Politics & Government

State of Jefferson proponents again try to persuade Plumas County supervisors

Gina Russell of Oroville holds a flag in support of the State of Jefferson in front of the Capitol last August when supporters of a 51st state submitted declarations to withdraw from California, signed by Boards of Supervisors from Siskiyou and Modoc counties.
Gina Russell of Oroville holds a flag in support of the State of Jefferson in front of the Capitol last August when supporters of a 51st state submitted declarations to withdraw from California, signed by Boards of Supervisors from Siskiyou and Modoc counties. Sacramento Bee file

State of Jefferson proponents bombarded the Plumas County Board of Supervisors on Tuesday with revenue and expense projections, but did not win a commitment to support the proposed 51st state.

In their third appearance before the Plumas board, representatives of the breakaway state outlined a future for the rural county that includes $171 million in property taxes.

It would leave officials with $60 million “for cities, roads – whatever Plumas County deems necessary. The state won’t tell you how to spend that money. You will,” said Steven Baird, a State of Jefferson proponent.

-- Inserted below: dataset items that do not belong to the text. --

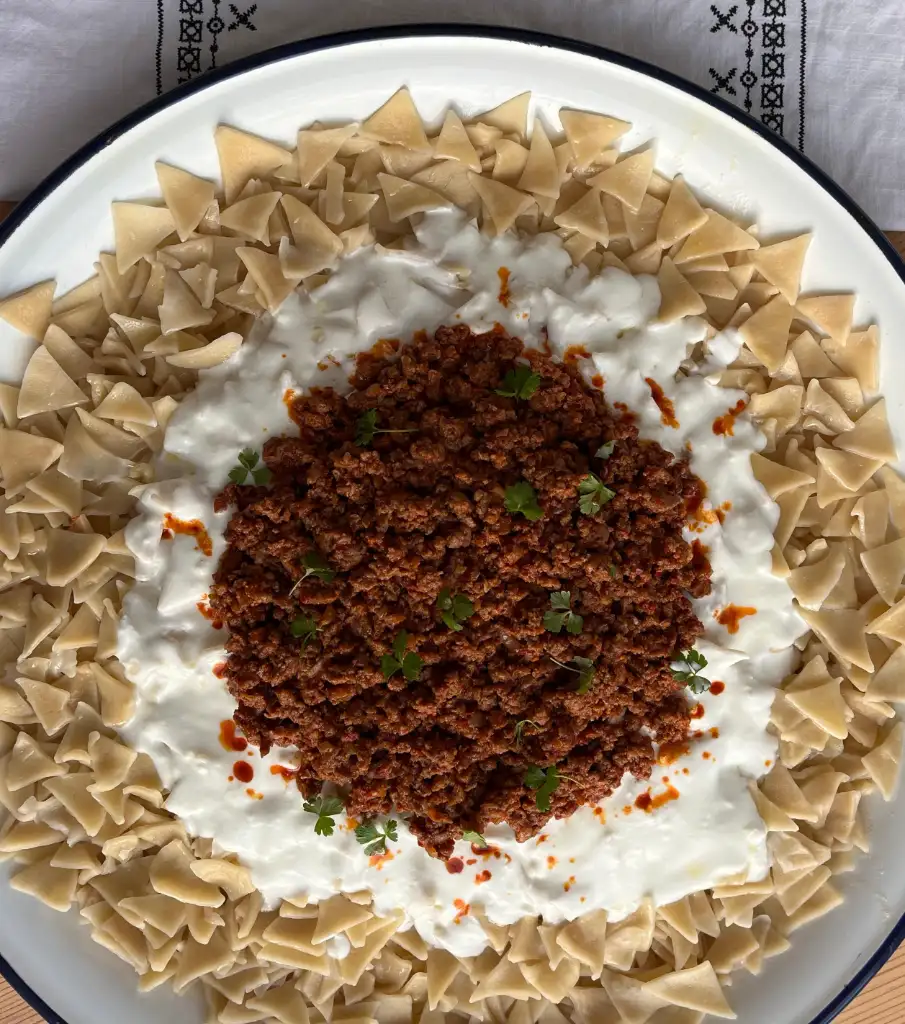 yada Türkmen mantısı olarak da bilinir) hamurları tek tek kapatmakla uğraşmak istemeyenler için hem daha pratik hem de oldukça lezzetlidir.
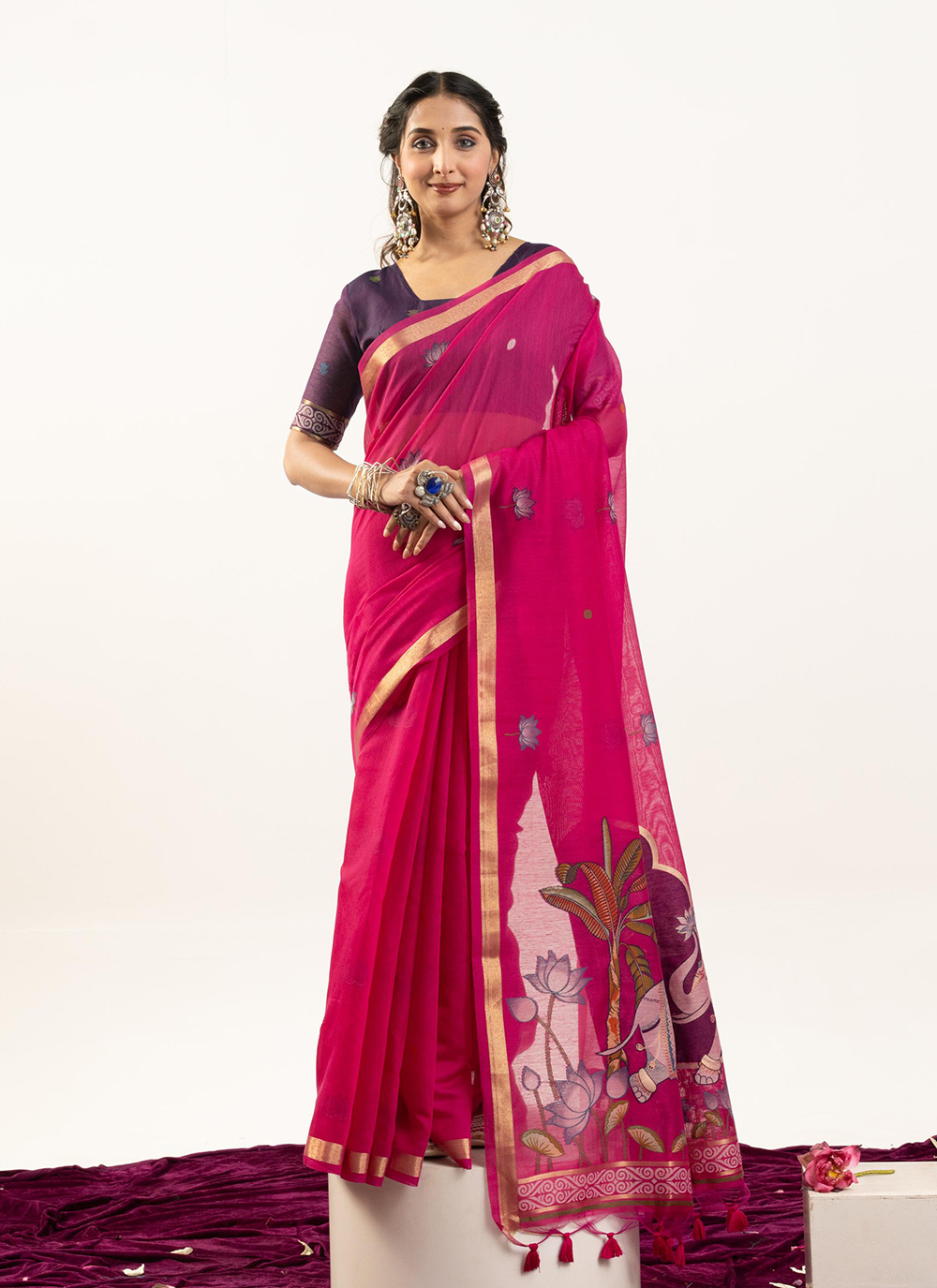 Garb These Festive Wear Saree in Fine Colored.These Saree And Blouse is Fabricated On Muga Cotton.Its Beautified With Multy Thread Rajwadi Weaving Designer.
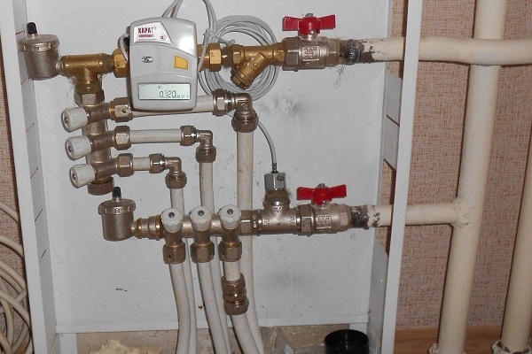 - installation d'un compteur de chaleur sur un circuit d'appartement. Avec une distribution de chauffage horizontale, son équipement avec un compteur de chaleur est une tâche simple.
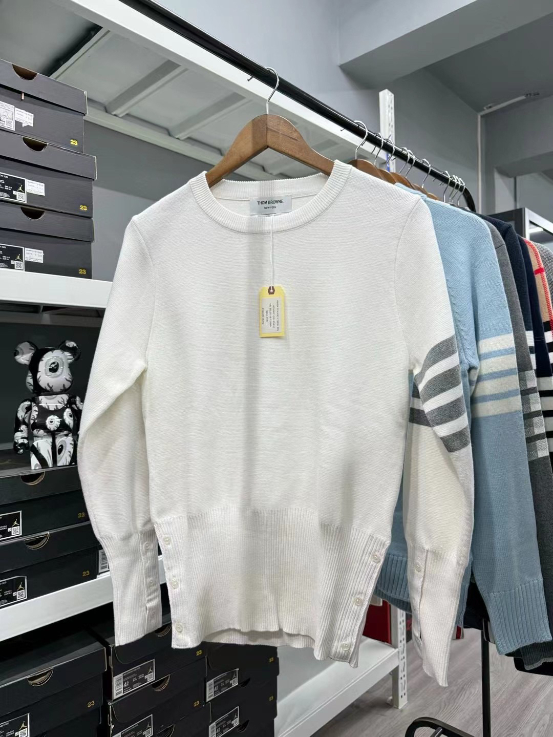 本篇笔记关联了Thom Browne 经典四条纹修身美利奴羊毛棉质针织领开衫外套 男女同款 FKC207A 白、Thom Browne 休闲百搭拉链帽衫 男女同款 MKT0O2A- 00011-415 蓝、THOM BROWNE 格纹提花小狗毛衣 男女同款 MKA303A00219 深灰色等商品,为用户提供真实的使用体验和购买参考。
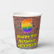 This vibrant and exciting urban graffiti and street art themed birthday paper cup design features a large number “6” with a colourful rainbow spectrum gradient inspired pattern, along with the message “Happy 6th Birthday,”, and an editable name. The background features a brick wall pattern. Colourful, vibrant paper cups like this might be fun to have at a birthday party/celebration being held in celebration of somebody’s sixth birthday. [~Z0000543]
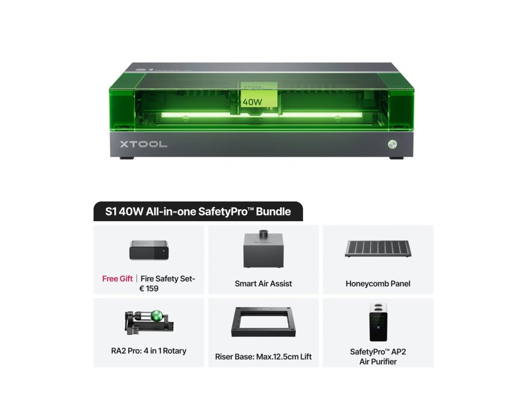 xTool S1 – 40W je výkonná uzavřená diodová laserová řezačka nové generace. Spojuje maximální bezpečnost, vysoký výkon a modulární rozšiřitelnost, takže je ideální volbou pro náročné tvůrce, vzdělávací instituce i profesionály. Díky rychlému gravírování, bezpečnostní třídě laseru 1 a široké kompatibilitě s materiály, jako je dřevo, akrylát, kůže a další, se snadno přizpůsobí vašim kreativním i výrobním potřebám.
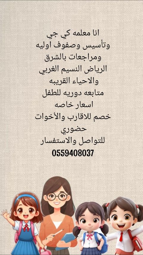أنا معلمه مصريه في النسيم الغربي تأسيس وصفوف أولية عربي وانحليزي وحساب وتربية دينية وعلوم ودراسات خبرة في التعليم البرايفت والمدارس حضوري لبيت الطالب في شرق الرياض وبيتي متابعه دوريه للطفل وفرق مستوى ملحوظ
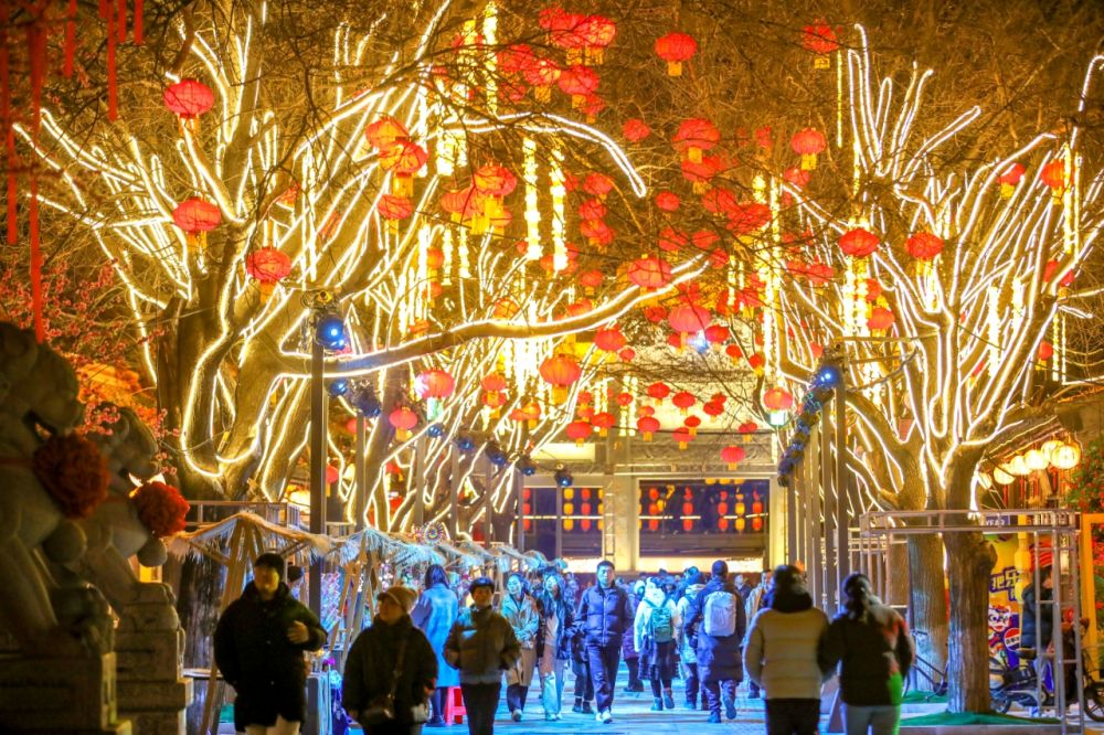 慶年食肆街、非遺展示街、嗨玩街、御河國潮街……“春節(jié)期間,古鎮(zhèn)設(shè)置了4條主題大街,引入大量互動體驗和50余場演出,讓游客沉浸式體驗傳統(tǒng)年味和現(xiàn)代樂趣?!碧旖颦h(huán)城城市基礎(chǔ)設(shè)施投資有限公司經(jīng)理助理王峰說。

The 90-minute discussion that followed exposed a clearly divided Plumas board.

Supervisor Lori Simpson challenged Baird’s presentation.

“I don't think your figures are right,” she said.

Simpson, who represents the Quincy area, said her constituents are telling her to “get on with the work of the county and quit this nonsense.”

Supervisor Terry Swofford, a Portola business owner, said a silent majority in his eastern Plumas County district supports the State of Jefferson.

Board Chairman Kevin Goss, who owns a pharmacy in Greenville, has watched local businesses decline from a lack of representation, he said.

“We have the natural resources” but the “money and votes are in Los Angeles. Something has to be done,” Goss said.

It was Baird’s fiscal analysis that drew the most public criticism. Cindy Ellsmore called the State of Jefferson financial projections “cursory and unverified.”

If created, the new state’s debt would be “rated as junk bonds,” said Ellsmore, a former Sierra County treasurer and spokeswoman for Keep It California, a nonpartisan organization opposed to separation from California.

Eileen Spencer panned Baird’s financial outline as “a well-rehearsed fact-free presentation.” The State of Jefferson is becoming known as “a sad old joke,” said Spencer, who lives in neighboring Lassen County.

Other speakers endorsed the 51st state, blaming an increase in state regulations for a declining local economy.

“More and more regulations are coming down on us,” said Curtis Hartwig, owner of two local businesses.

The secessionist movement aims to get the backing of enough Northern California counties to convince state and federal legislators that the current system of representation is unfair to rural residents. Baird and other Jefferson supporters are collecting declarations of support this year and plan to craft state legislation in 2016.

So far, five California counties have endorsed the breakaway state. Voters in Del Norte County rejected it. In Lassen and Lake counties, the issue is scheduled to appear on countywide ballots next year.

Nine counties in Oregon were part of an earlier proposal, but Baird said secessionists in California “cannot do anything for Oregon.”

JEFFERSON, BY COUNTY

Where the secession movement stands in California counties:

▪ Five counties backed by their boards of supervisors – Modoc, Siskiyou, Glenn, Sutter and Yuba – have endorsed the breakaway state.

▪ Tehama County voters approved the nonbinding referendum in June 2014; Del Norte County voters rejected it.

▪ Lassen County will submit the question to voters in June 2016.

▪ Lake County will take the issue to voters next year after its supervisors backed the plan in February.

▪ Plumas County supervisors have not decided on the secession proposal.